Sims 4: Worth waiting for some more

Sims 4 came out this Labor Day and was met with mixed reactions. Those of us who grew up playing the first three Sims were excited to see what came next. Would Sims 4 feature an improved open world, expanding on their efforts in Sims 3? Would the game expand customization and fix some of the problems of Sims 3? Would they finally introduce multiplayer?

The resounding answer to these questions is no. Sims 4, unfortunately, eliminated many of the features fans of the previous Sims iterations loved, while still managing to be just as glitchy, if not more so.

What Sims 4 does do is lay the foundations for the numerous downloadable content (DLC) expansions to come. While swimming pools, toddlers, weather and the complete open world of Sims 3 neighborhoods are missing, Sims 4 does feature a segmented open world experience and the addition of emotions.
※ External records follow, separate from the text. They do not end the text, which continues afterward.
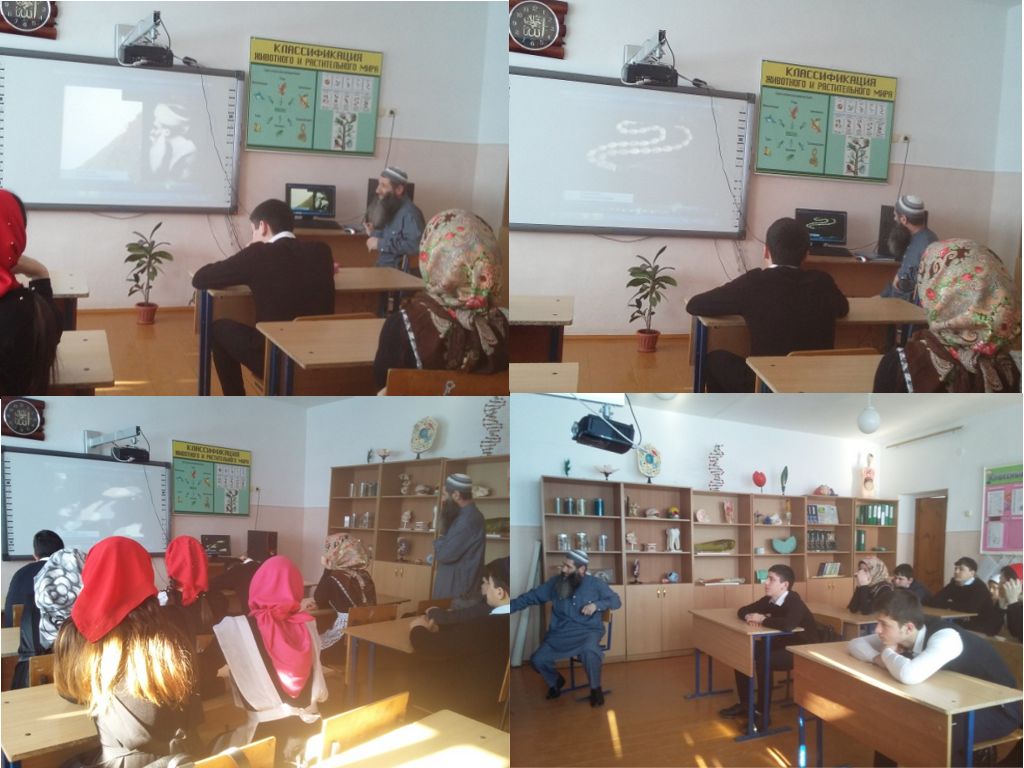 14.01.2017г. МБОУ СОШ с. Чишки с обучающимися 10 кл. провели беседу, с просмотром ролика про Кунта Хьажи Кишиева.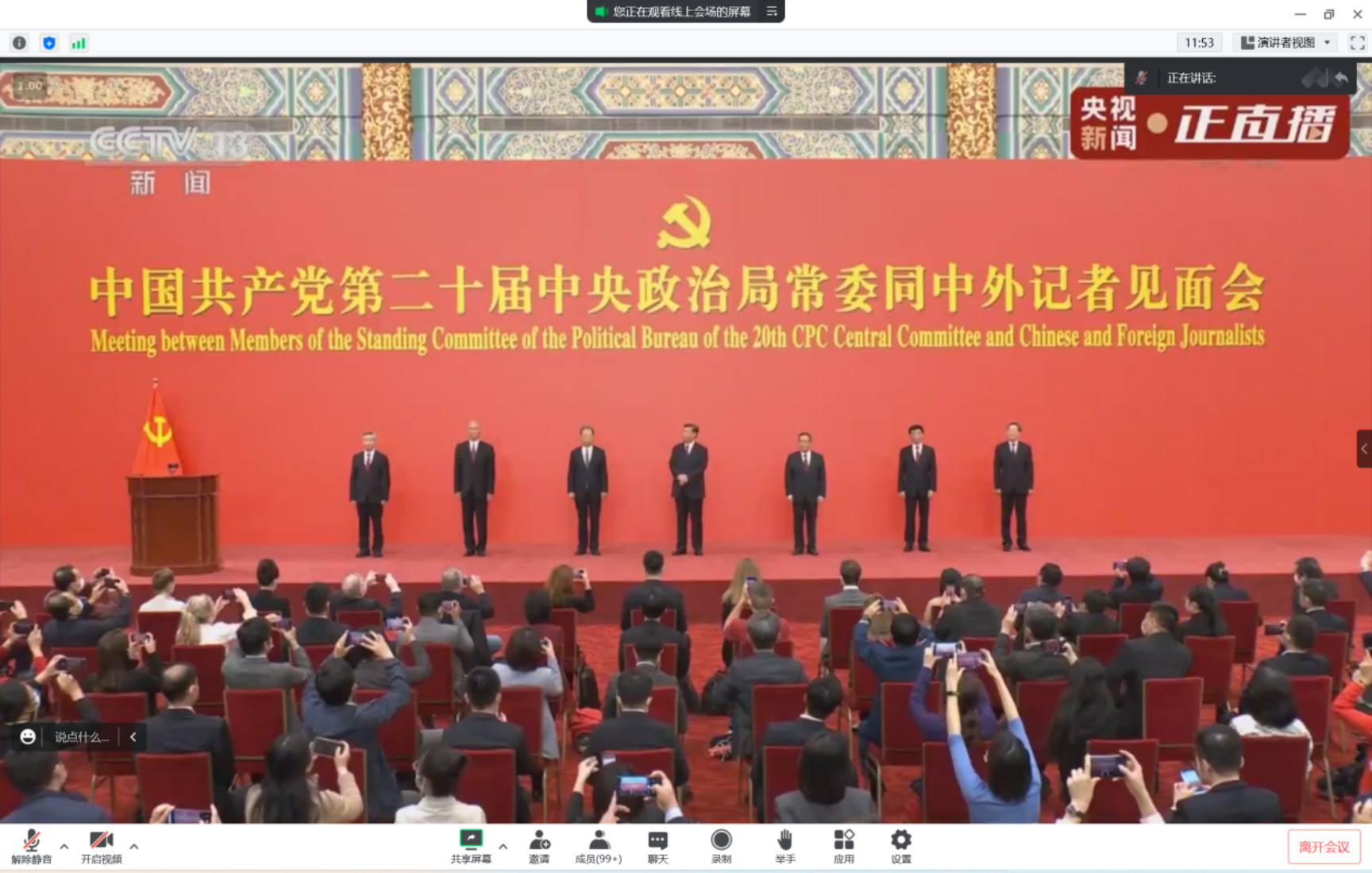 10月23日上午12点,习近平总书记携二十届中共中央政治局常委在京同中外记者见面,并发表了重要讲话。我作为公司理论学习中心组成员,和各位成员以及公司积极份子在公司二层会议室听取了习近平总书记的讲话。
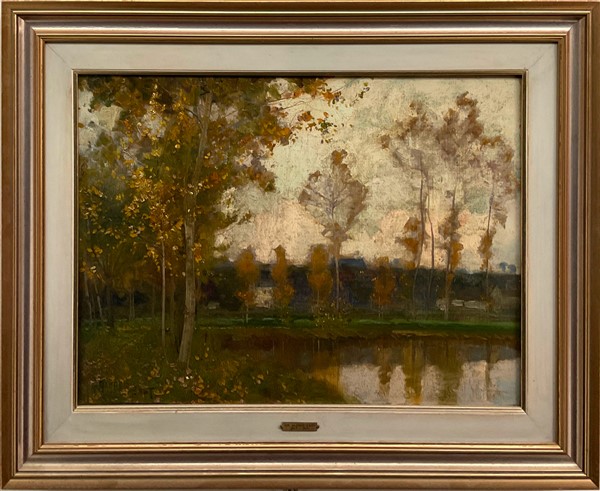 Alfred East "Paesaggi fluviali" coppia di dipinti ad olio su tela (cm 40x55) Uno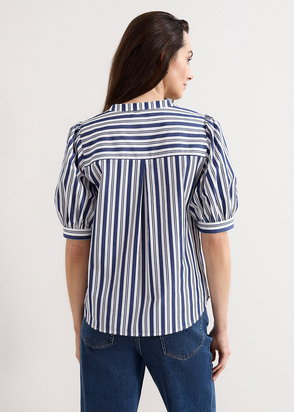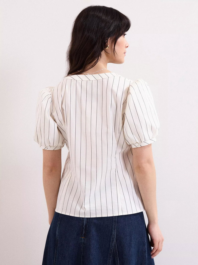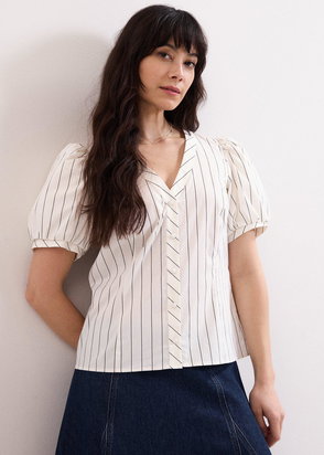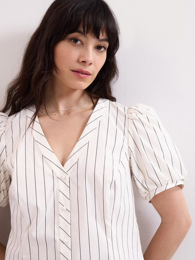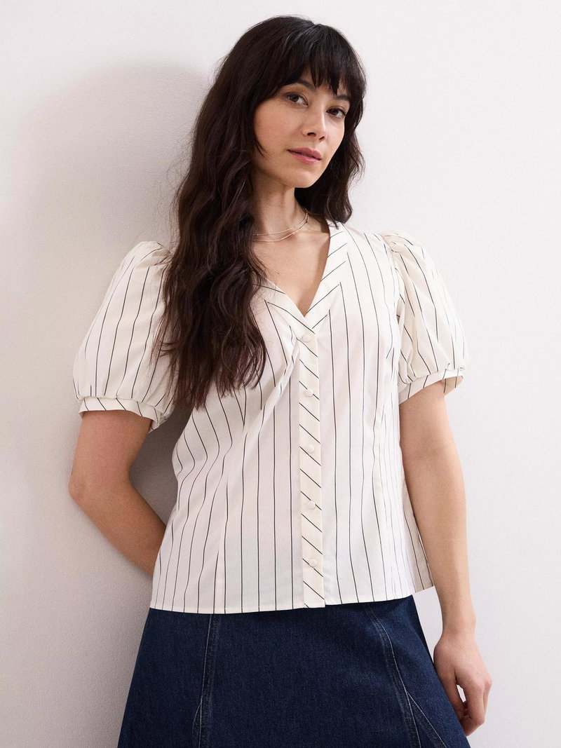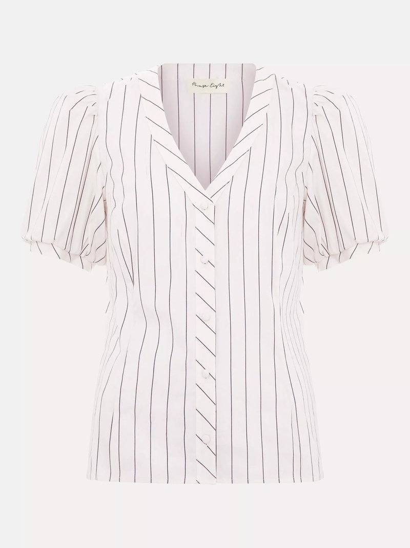 Elora Stripe V-Neck Blouse, White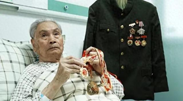 郑蔚在病房里翻看他的军功章。受访者供图

These emotions are about the only truly new mechanic introduced. When your Sim is inspired, their chance at creating masterpieces is much higher. The energetic mood allows Sims to do push ups or work out longer. Focused Sims read faster and tend to divert their attention by pursuing the sciences. Confidence boosts your Sim’s social interactions while embarrassment often makes your Sim want to hide alone in their bedroom. The emotions are overall fun and entertaining; they add some variety to Sims’ day-to-day actions, as well as adding some emotional consequences.

The other improvements in Sims 4 make the game easier on the eyes and easier to play. With multitasking, your Sim can do some actions simultaneously, like eating and talking to their family. This not only makes the gameplay more realistic, it also makes fulfilling Sims’ basic needs much easier. The game graphics are also greatly improved. While on a jog through the neighborhood, your Sim can even see the petals from a cherry blossom tree wafting down around them — a definite improvement to the ambiance of the environment. Pathing, or the way Sims move around objects and each other, is also improved upon, much to the delight of anyone who played previous versions of the Sims.

That said, the game is fairly rough for a big name release. Random glitches like silverware getting stuck in hands or phasing through counters interrupt gameplay. Travel between neighborhoods also frequently crashes the game — making going to the park, library or even another house in the same neighborhood frustrating.

The customization is also trimmed down across the board. This limits the appearance of your Sims and  their homes. Hopefully, DLC will expand on this, but fans are wary since previous versions of the Sims contained much more customization options in their base games.

All in all, Sims 4 isn’t a bad game. The $70 price tag is a little steep for the reduced content and abridged open world. If you’re a fan of the Sims, buy it, but wait until the price is a bit lower and it comes packaged with DLC. By then the game will hopefully have some neat player made content and a few bug fixes too.